How the High Cost of Borrowing May Skew the Presidential Race

Kimberly Jolasun, a 32-year-old entrepreneur in Atlanta, has never voted for the Republican candidate for the presidency. That may be about to change.

Her company, Villie, is an online platform that lets new parents share photos and updates about their babies with friends and relatives and register for gifts like strollers and playpens. Not yet profitable, her company needs financing to grow. But venture capitalists struggle with her untraditional profile, she said. Technology is dominated by white men in places like Silicon Valley and Austin, Texas. She is a Black woman in Georgia.

Banks want to charge her interest as high as 14 percent for business loans. The interest rate on the credit card debt she used to start the company has spiked to 25 percent, tripling her monthly payments.

Ms. Jolasun knows that borrowing costs are driven by the Federal Reserve. She does not blame President Biden. But she assumes that his Republican opponent, former President Donald J. Trump, is more in tune with the needs of business owners. So she is seriously contemplating giving him her vote.

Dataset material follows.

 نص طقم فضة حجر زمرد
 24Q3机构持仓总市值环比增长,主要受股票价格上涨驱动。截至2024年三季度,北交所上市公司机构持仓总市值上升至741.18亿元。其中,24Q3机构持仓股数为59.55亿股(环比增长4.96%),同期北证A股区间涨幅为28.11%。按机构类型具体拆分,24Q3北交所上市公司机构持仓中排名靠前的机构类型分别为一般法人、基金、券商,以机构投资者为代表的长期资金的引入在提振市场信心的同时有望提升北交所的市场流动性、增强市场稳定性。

“For the first time in my life, the ball’s in the air,” she said. “I haven’t made my decision.”

Despite indications of vigor in the economy, higher borrowing costs are a source of financial anxiety that could prove pivotal in the 2024 presidential election — especially in Georgia, one of six battleground states expected to determine the outcome.

Black voters are a crucial bloc in Georgia; four years ago, they made up 27 percent of the electorate. By many indications, Black Americans are disproportionately affected by higher interest rates on mortgages, credit cards, student loans and business debts. Start-up companies owned by people of color — especially Black Americans — confront substantial barriers in raising funds, making them more vulnerable to increased borrowing costs, according to a survey of minority-owned small businesses by the Federal Reserve. Though their companies are typically smaller and less profitable, Black and Hispanic entrepreneurs tend to be rejected on applications for financing even after accounting for differences in credit ratings, suggesting that racial profiling is an issue.